» **EXERCISE DETAILS**
In the records below, the line with "Hector Berlioz, articles critiques" opens the range and the line with "À la question" closes it; print that range exactly and nothing else.

» **TASK INPUT**
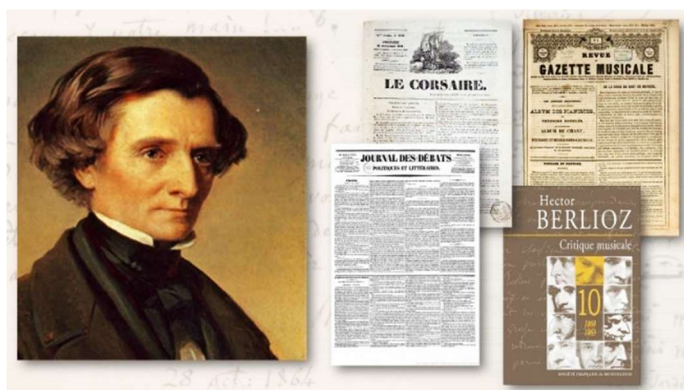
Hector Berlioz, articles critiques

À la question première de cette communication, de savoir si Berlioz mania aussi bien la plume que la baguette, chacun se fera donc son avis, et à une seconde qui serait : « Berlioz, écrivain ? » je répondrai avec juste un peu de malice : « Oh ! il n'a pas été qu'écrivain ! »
==
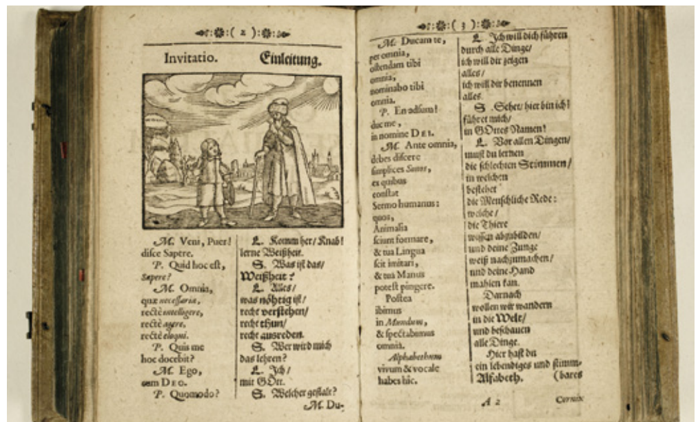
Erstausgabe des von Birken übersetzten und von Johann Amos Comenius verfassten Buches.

» **RESPONSE AREA**
Hector Berlioz, articles critiques

À la question première de cette communication, de savoir si Berlioz mania aussi bien la plume que la baguette, chacun se fera donc son avis, et à une seconde qui serait : « Berlioz, écrivain ? » je répondrai avec juste un peu de malice : « Oh ! il n'a pas été qu'écrivain ! »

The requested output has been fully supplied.